═════ Data extract

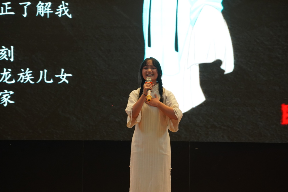在朗诵组声情并茂的诗词朗诵中,我们为李白的旷达豪迈而感慨,为我们阔远的大好河山而自豪,为那声声“祖国我爱你”而热泪盈眶。
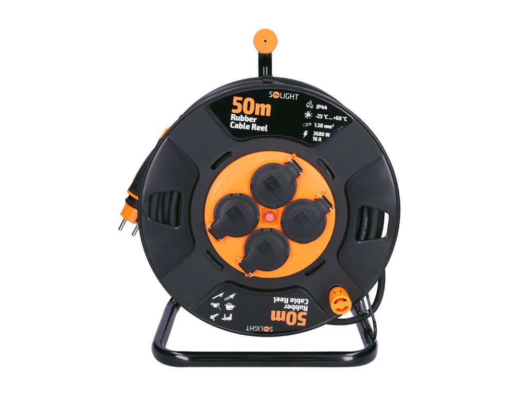 Maximálna záťaž 3680 W (16 A pri 230 V~) umožňuje bezpečnú prevádzku väčšiny vonkajších a profesionálnych zariadení. Ergonomické madlo uľahčuje prenášanie a rýchle navinutie kábla. Ideálny pomocník na profesionálne stavebné práce, údržbu alebo náročné hobby projekty.
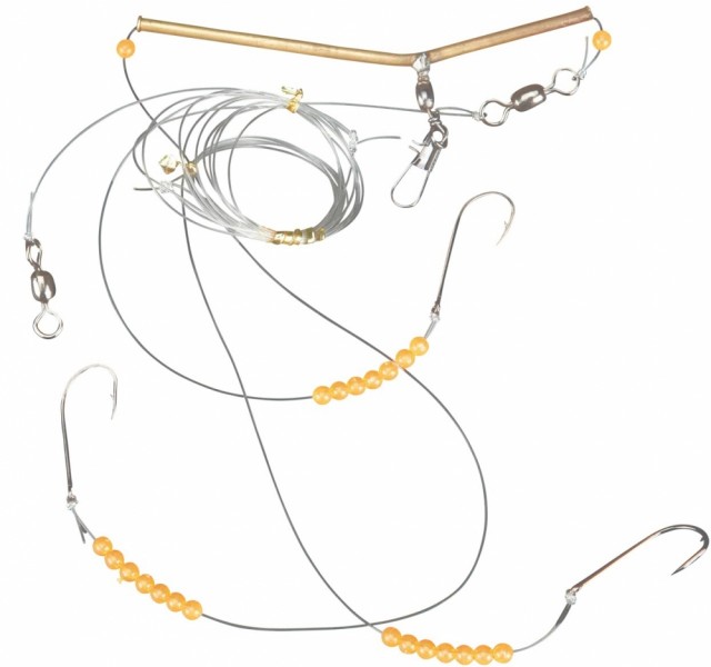 Takkel med dobbeltslep, glidebom og en opphenger. Laget for driftfiske fra båt, der to agn fiskes helt nede ved bunnen, mens det tredje svevet litt over. Krokstørrelse 1/O. Gjennomsiktige perler som attraktor.

══════════

Directions for this task: With the pictures left out, restate word for word every line of the data above, from the first down to the line that contains "Maximálna záťaž 3680".

Task response:
在朗诵组声情并茂的诗词朗诵中,我们为李白的旷达豪迈而感慨,为我们阔远的大好河山而自豪,为那声声“祖国我爱你”而热泪盈眶。
 Maximálna záťaž 3680 W (16 A pri 230 V~) umožňuje bezpečnú prevádzku väčšiny vonkajších a profesionálnych zariadení. Ergonomické madlo uľahčuje prenášanie a rýchle navinutie kábla. Ideálny pomocník na profesionálne stavebné práce, údržbu alebo náročné hobby projekty.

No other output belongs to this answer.